(CNN) -- A 100-year-old Turkish hand grenade was found recently during conservation measures near the Damascus Gate in Jerusalem's Old City wall, the Israel Antiquities Authority said on Wednesday.
The discovery was made on Monday, when an authority conservation team under the direction of conservator Fuad Abu Taa was "dismantling fragments of a crushed stone that needed to be replaced in the city wall."
The team found "a fist-size chunk of metal in the core of the wall," and police bomb disposal experts were called to the scene because of the object's "metallic shape" and "strange location," the authority said.
After examining the object, officials confirmed that it was "a grenade dating to the Ottoman period and that it contained 200-300 grams of explosives."
Bomb disposal experts removed the old explosive and detonated it.

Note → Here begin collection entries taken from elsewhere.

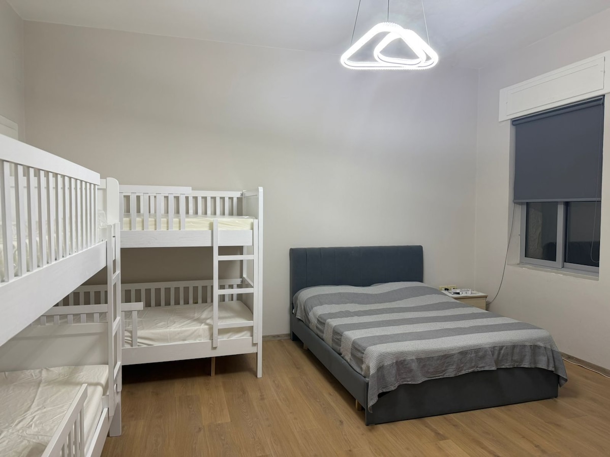 Dortoir partagé, peut également être transformé en chambre privée. Chambre spacieuse et lumineuse dans une auberge conviviale et calme. Peut accueillir jusqu'à 4 personnes pour des amis ou de la famille. Le lit principal est polyvalent, peut être 2 lits simples ou 1 lit double queen size, les 2 autres lits sont dans un lit superposé. La salle de bain sera partagée mais est très proche de la chambre. Nous avons également beaucoup d'espaces communs comme un patio avec des canapés confortables, un coin salon, une cuisine commune à votre usage.
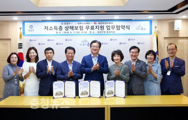 대전 유성구(구청장 정용래)는 11일 구청 중회의실에서 유성구행복누리재단(이사장 김홍혜), 대전유성우체국(국장 김문수)과 함께 저소득층 상해보험 무료지원을 위한 업무협약을 체결했다.
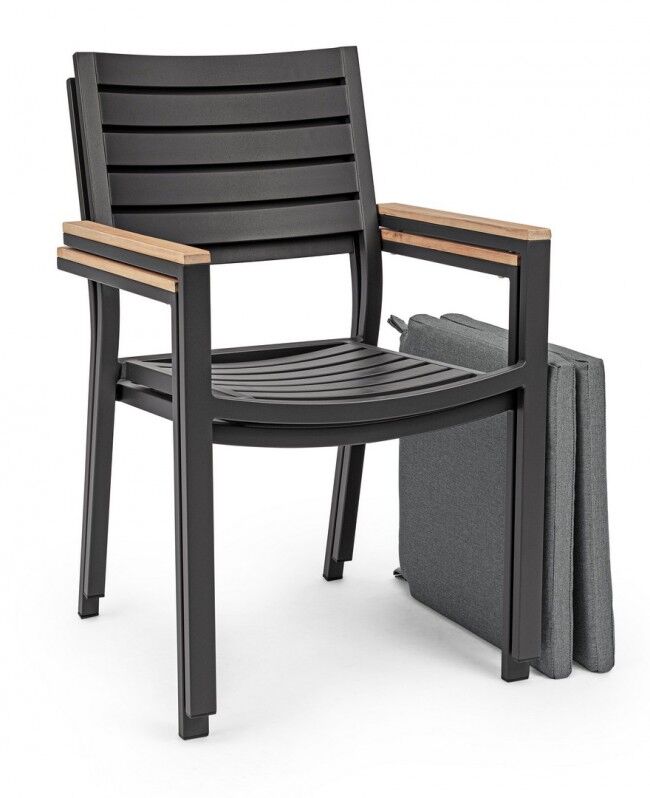 Stolica Belmar spaja prirodan izgled i modernu estetiku u jednom. Izrađena je od visokokvalitetnih materijala u prirodnoj antracit boji što osigurava trajnost i udobnost u korištenju. Njegov elegantan dizajn lijepo se uklapa u svaki unutarnji ili vanjski prostor.
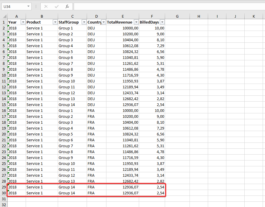 Our Excel file contains the last row twice.
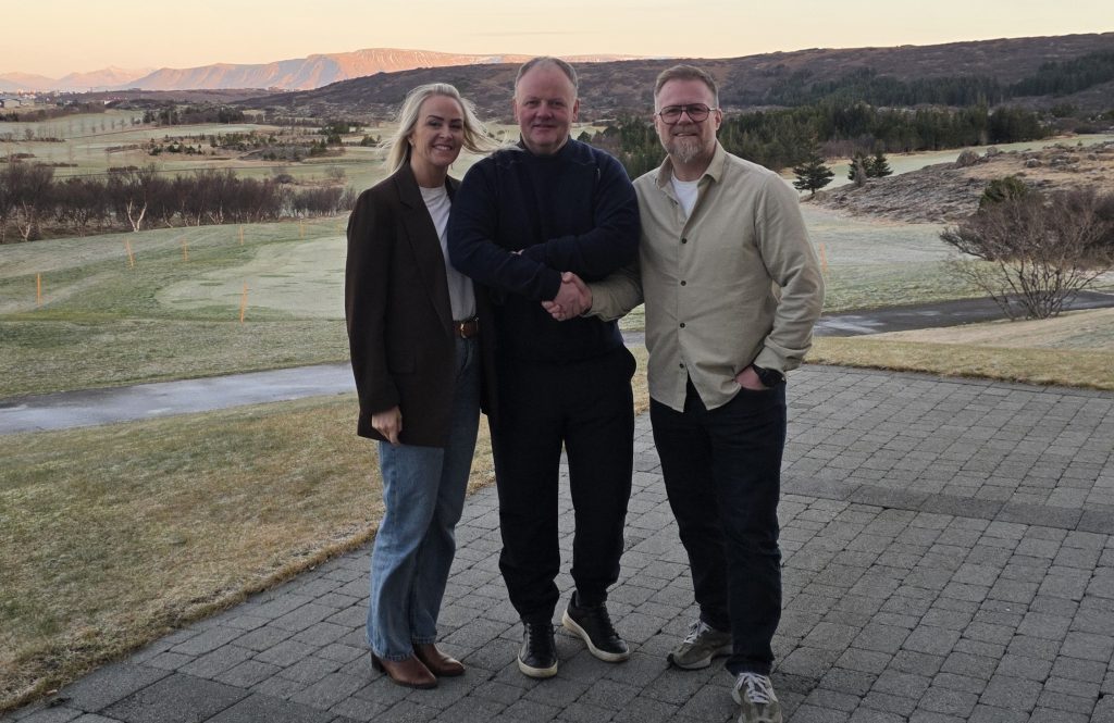 Eva og Alfreð eru nýir veitingaaðilar á Urriðavelli og munu reka staðinn undir nafninu holamathus. Hér eru þau með Haraldi framkvæmdastjóra Golfklúbbsins Odds.

"The stone was partially crushed and someone probably chose it as a place to hide the hand grenade," said Yoram Saad, head of the Implementation Branch of the Israel Antiquities Authority Conservation Department.
The section of the city wall adjacent to Damascus Gate is currently being treated within the framework of the Jerusalem Walls Conservation Project.
That's a joint effort on the part of the Prime Minister's Office, the Jerusalem Development Authority, the Israel Antiquities Authority and the Jerusalem Municipality.
The work by the conservation team is part of an effort to rehabilitate the Old City walls.